Постойте, вот фотография: удивлены? Калмыцкие скулы, курносый нос, маленькие глаза. Вот губы, губы у нее были замечательно мягкие, теплые. Пожалуй, ушки еще ничего, но как можно влюбиться в женские ушки? Кроме ушек и губ, должно быть что-то еще. В ней и было это что-то. Восхитительные морщинки около грубого, капризного рта, теплый и искренний смех маленькой ведьмы, совершенно черные, почти без белков, глаза, родинки на груди, хрупкие худые ключицы, костлявые большие колени. Никаких пошлостей вроде ямочек, округлостей и упругостей.

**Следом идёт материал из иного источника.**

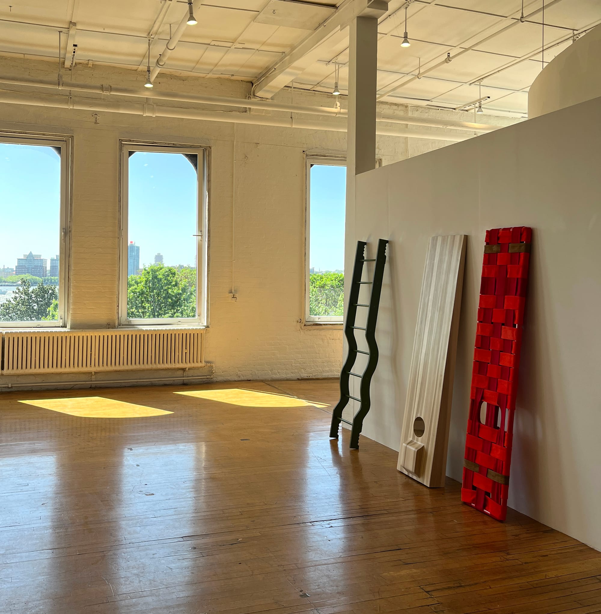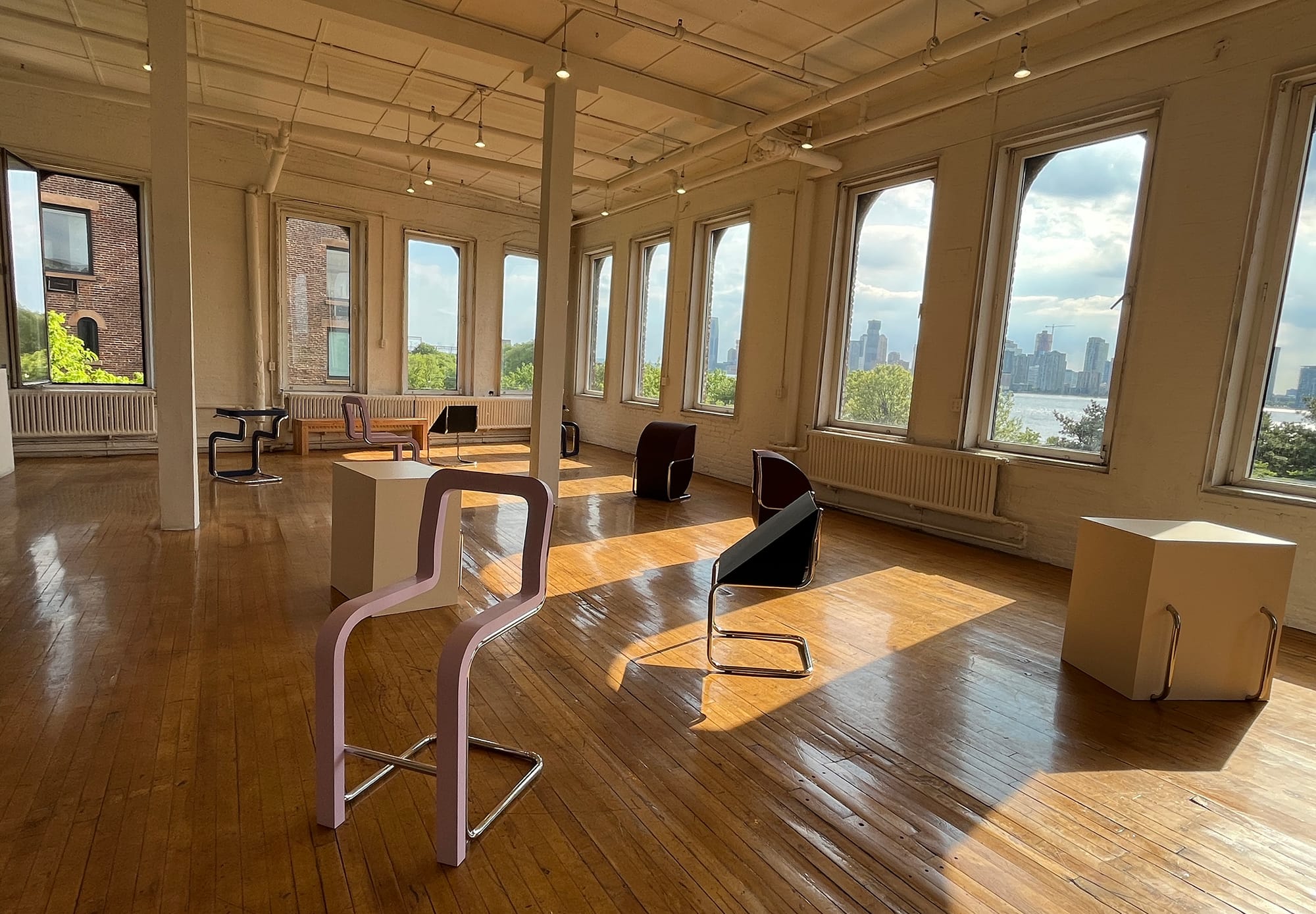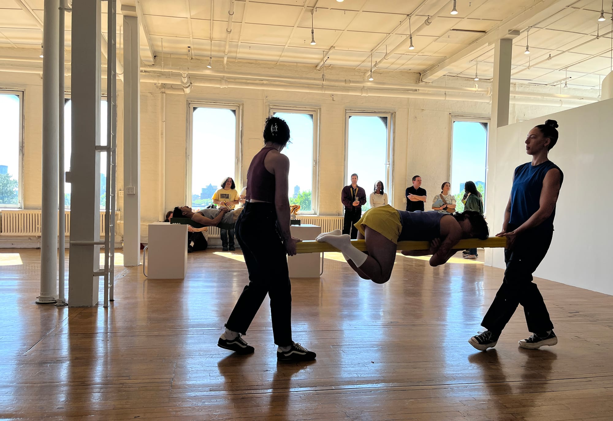 The same day I visited the Birkby exhibit, I saw Gordon Hall’s Hands and Knees at The Kitchen’s temporary home in the Westbeth Artists Housing complex, itself a kind of fantasy space, housing hundreds of artists, as well as a number of arts organizations. The exhibition and its accompanying performances, in which performers alternately carry each other through the space or rest on the sculptures, are rooted in an arrangement of abstract sculptures formed around recognizable curvilinear metal chair frames, as well as a set of support structures. When in use during the performances, they demonstrate an adaptive reuse of the chair-based works, in which bodies recline across the sculptures. While Hall’s stated intentions center on a “transgender politics that questions the norms that govern embodied life,” what felt top of mind seeing the work inside a gallery with views out to the park along the Hudson River, was creative adaptations of hostile architecture, not only by unhoused populations but also everyday users of spaces that always seem to be signaling limitations to how we should be using them, like benches intended to stop people from laying down, endless signs telling us what we’re not allowed to do, gates poised for closing, and police barricades stopping us from filling spaces entirely.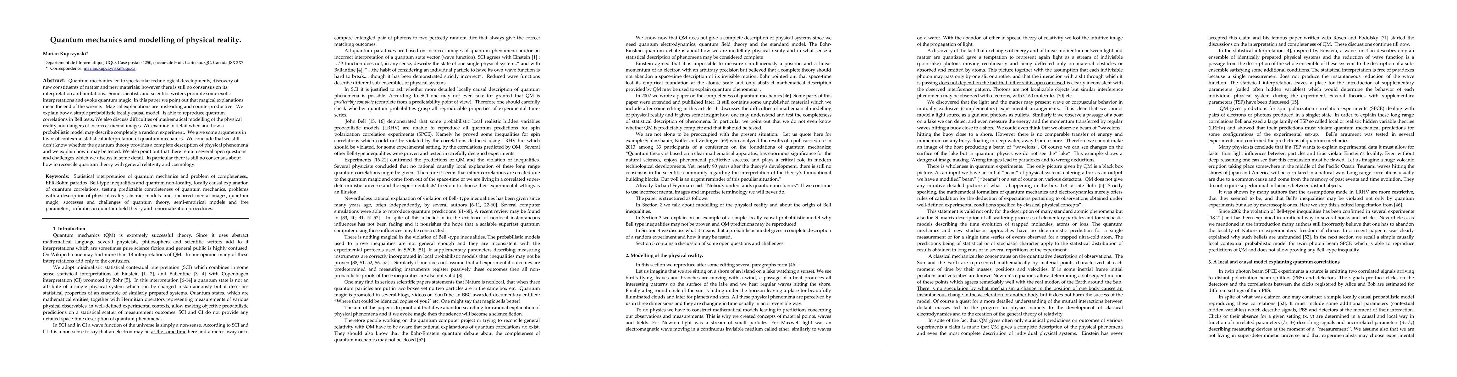 Quantum mechanics led to spectacular technological developments, discovery of new constituents of matter and new materials. However there is still no consensus on its interpretation and limitations. Some scientists and scientific writers promote some exotic interpretations and evoke quantum magic. In this paper we point out that magical explanations mean the end of the science. Magical explanations are misleading and counterproductive. We explain how a simple probabilistic locally causal model is able to reproduce quantum correlations in Bell tests. We also discuss difficulties of mathematical modelling of the physical reality and dangers of incorrect mental images. We examine in detail when and how a probabilistic model may describe completely a random experiment. We give some arguments in favor of contextual statistical interpretation of quantum mechanics. We conclude that we still do not know whether the quantum theory provides a complete description of physical phenomena and we explain how it may be tested. We also point out that there remain several open questions and challenges which we discuss in some detail. In particular there is still no consensus about how to reconcile quantum theory with general relativity and cosmology.

Ответное чувство, сначала в виде любопытства, в ней начало проявляться примерно через полгода нашей учебы в одном классе, напоминавшей сожительство двух медведей в тесной берлоге, уязвленных квартирным вопросом. Словно устав ненавидеть, она решила посмотреть, что же я за насекомое, и увидела, что я не так уж противен. К тому же, говорю, стала расти моя лицейская слава литературного вундеркинда, что само по себе не могло не вызывать интерес. Правая рука школьной администрации!.. Война перешла в новую фазу: мы стали общаться – неловко, глупо, с зашкаливающим обоюдным сарказмом, словно делая друг другу одолжение, и неизменно, заканчивая разговор, она при всех громко говорила какую-то гадость в мой адрес. Так, однажды в столовой я, поперхнувшись гречневой кашей, пошутил, что гречка «не пошла», а она после этого произнесла нечто отвратительное в своей лживости о том, что я якобы сопьюсь. И показала язык. (Увидев меня в Москве в свой последний приезд, она грустно сказала, будто убедившись в чем-то: «Ну вот, я же говорила».)